I've been falling behind on my reading (it doesn't help that my computer kicks me off the internet once an hour), but I still intend to get through them all...

Pg. 1 A good start with the homeless bit. Considering we're in vampire territory, I can only imagine where that van is headed. EDIT: As I look back I realize I'm a bit unclear on where they were headed. Am I mistaken in saying Beth was the only true vampire in the story? I was originally under the impression that Minerva and her cronies were Vamps, but it turned out they were just using the blue blood to play vampire. I can understand wanting the power and whatever high the blood gives you, but it seems a little odd to me that this particular 1% wants to drink human blood even though they don't technically have to. It'd be nice if one of them had elaborated what exactly they all find so compelling about that.

Pg. 3 The homeless are already onto what's happening. That's good for them, but I wonder if it wouldn't be better if most of them thought they were just being shipped to different, far away cities, with the knowledge that they could never find their way back. "Homeless dumping" could still be controversial and damaging for the Mayor, but it keeps the more sinister truth farther from the surface. I suppose it all depends on how it plays out.

pg.  10 I don't know why I'm suggesting this, but I feel like the penis should shrink as she sucks the blood from it.

Pg. 12 Vanish must be awfully trusting to let someone she barely knows root around her stuff while she goes to the store. And a homeless person at that? Maybe if she saw him have an opportunity to pocket something of hers (a wad of money, earring, ect.) but decide not to, it might build that trust a little faster.

Pg. 14 With Vanish's encounter here, I'm kind of curious about what the wider world is like. I think it would have to be much different then I've assumed til this point. I mean, who would want to move to a city where you get stun gunned for not being at work?

Pg. 15 "Get a job, bitch." LOL. It is kinda funny though.

Pg. 20 It's a nitpicky thing, but two "front door"s so close together caught my attention. A simple fix, for sure.

Pg. 23 Coming into Act II now, and I'm aware that I don't really know anything Vanish wants. She wants a job, of course, but her way of getting it isn't really cinematic, nor the reason we seem to be watching her. Instead she's pulled off to help the homeless, then goes to a bar. I'm not in the camp that says every protagonist has to be active all the time, but I wonder if it would come across better if she was brought to these places by her own motivation. For instance, if she'd come to the city with the purpose of helping the homeless and making a difference, she'd end up at the soup kitchen more naturally than by being brought by her neighbor, who she never really developed any sort of bond with before being asked. (and might it make more sense for Remo to be the one she goes with?)

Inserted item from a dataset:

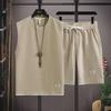 Trendy Waffel Zweiteiliges Casual Set für Herren - Kurzarmweste & Shorts
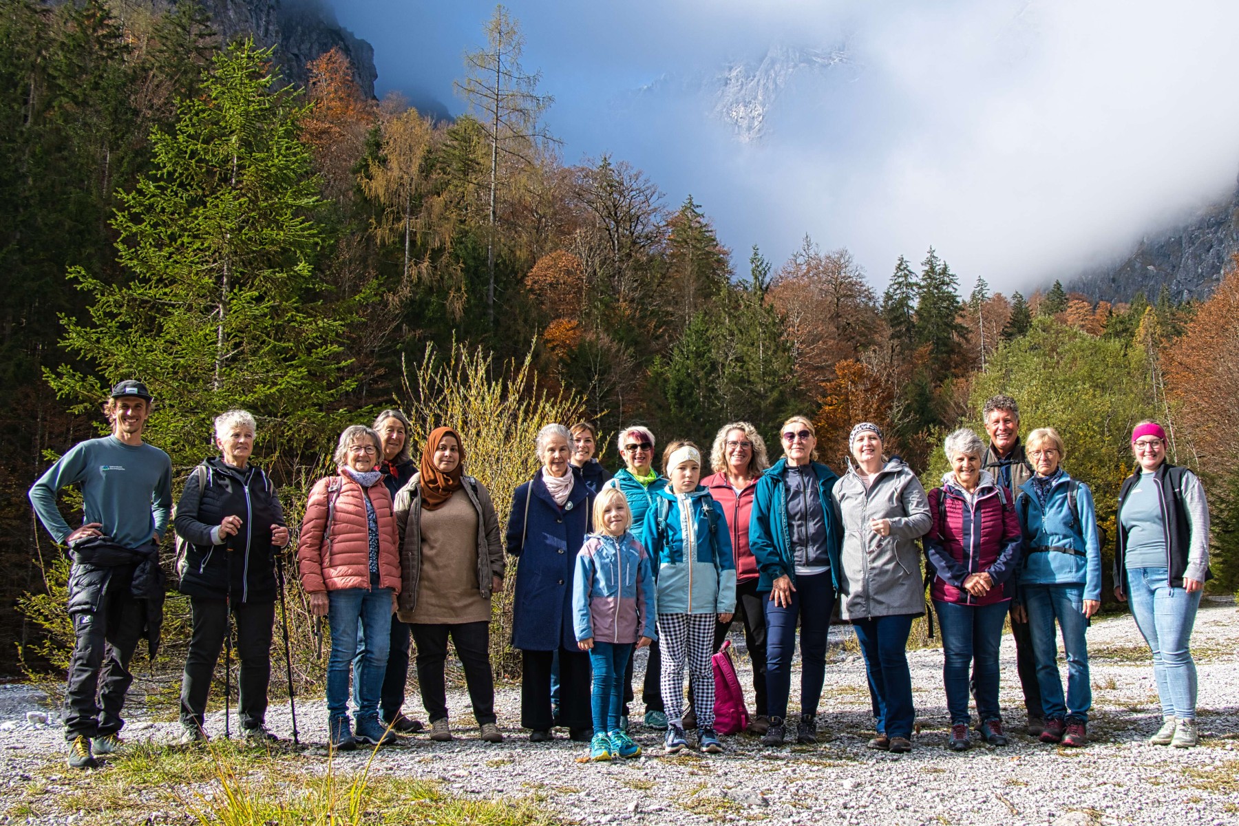 Die Mitarbeiter des Nationalparks (links und rechts im Bild) mit den Ehrenamtlichen vor dem Eisbach auf St. Bartholomä.

Pg. 44 The picture of Vanish's Mom presents a few problems for me. First, how would the viewer know it's Vanish's mom? Second, unless I missed something, this is the first time we're hearing about any of this. I think we need to be clued in to Vanish's mom and told about her "crazy time" before her true intentions can be revealed. As is, it's a lot coming seemingly out of nowhere. Finally, how did Vanish just happen to move in next to someone who knows her mom and all about her life? That could use some explaining too, imo.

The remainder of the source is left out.